Temnothorax pilagens

Scientific classification
- Kingdom: Animalia
- Phylum: Arthropoda
- Class: Insecta
- Order: Hymenoptera
- Family: Formicidae
- Subfamily: Myrmicinae
- Genus: Temnothorax
- Species: T. pilagens
- Binomial name: Temnothorax pilagens Seifert, Kleeberg, Feldmeyer, Pamminger, Jongepier & Foitzik, 2014

= Temnothorax pilagens =

- Authority: Seifert, Kleeberg, Feldmeyer, Pamminger, Jongepier & Foitzik, 2014

Species of ant

Temnothorax pilagens (from Latin: pilare, "to pluck", "plunder", "pillage") is a small Nearctic species of slave-making ant in the subfamily Myrmicinae. It occurs in northeastern United States. It raids the acorn castles of other insects (Temnothorax longispinosus and Temnothorax ambiguous) and captures them as slaves and has been nicknamed the pillage ant.
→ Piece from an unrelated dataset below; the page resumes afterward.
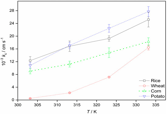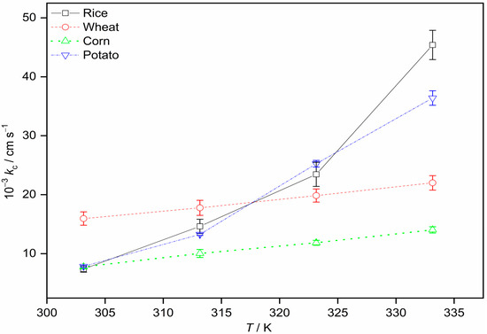 - The values of kc increased with the temperature in all cases. These values are in accordance with the results given in the literature [55] for the mass transfer coefficient of diacetyl from stirred water. Although the values of kc increased with the temperature in each system, comparing the values of two aroma compounds with the same starch at the same temperature does not show a pattern. In the case of the systems aroma compounds and wheat, the kc values are statistically different for the two aroma compounds at all temperatures, while in the case of the systems aroma compounds and corn, the kc values are statistically different only at the highest temperature. This may also explain the small difference observed in the activation energy for the two systems (diacetyl + corn and dl-limonene + corn).

==Habitat and distribution==
The species is known from the north-eastern parts of the United States and possibly south-eastern Canada. They live in forests, woodlands and parks. Preferentially wooded sites with little understory, and a high density of suitable nest sites, such as acorns, hickory nuts and sticks. Occurrence is patchy and depends on high density of suitable host populations; so far only known from three sites in the northern US: Niquette Bay State Park (Vermont), E.N. Huyck Preserve (Rensselaerville, New York) and Sleeping Bear Dunes National Lakeshore (Empire, Michigan). In all three populations, Temnothorax pilagens was enslaving Temnothorax longispinosus and Temnothorax ambiguus; many nests with slaves of both host species.

==Slave raids==
Temnothorax pilagens is an obligatory slave hunter of Temnothorax longispinosus and Temnothorax ambiguus. Raids are performed either by a scout alone or via group recruitment of up to four slavemaking workers forming a raiding column headed by a scout. Slave raids resemble more those of its congener Temnothorax duloticus than that of Protomognathus americanus. This is especially true for the frequent and effective use of the stinger in fights: well-aimed stings from a caudal direction between head and thorax cause paralysis in hosts followed by quick death. Effective sting use is likely facilitated by morphological adaptations, such as strongly developed flexor-muscles in the petiole and postpetiole allowing for easy gaster flexion. Similar behavioural strategies and morphological traits are also found in Temnothorax duloticus, but not in Protomognathus americanus. Hosts attacked by Temnothorax pilagens show little or only delayed flight responses. Occasionally, host workers try to drag slavemakers out of the nest, and only respond aggressively when attacked by them. The low host responsiveness towards invading Temnothorax pilagens indicate reduced or suppressed enemy recognition. Due to their most effective stinging behaviour, Temnothorax pilagens can cause high rates of host casualties (ranging from 5% to 100%). As the high variation in the rate of casualties indicates, raids can be highly aggressive or relatively peaceful; the latter was often found in raids against queenless host nests. Slave-makers do not only take brood from the attacked host nests, but in 6 of the observed 11 raids, they also carry adult host workers back to their nest and integrated them into the slave workforce.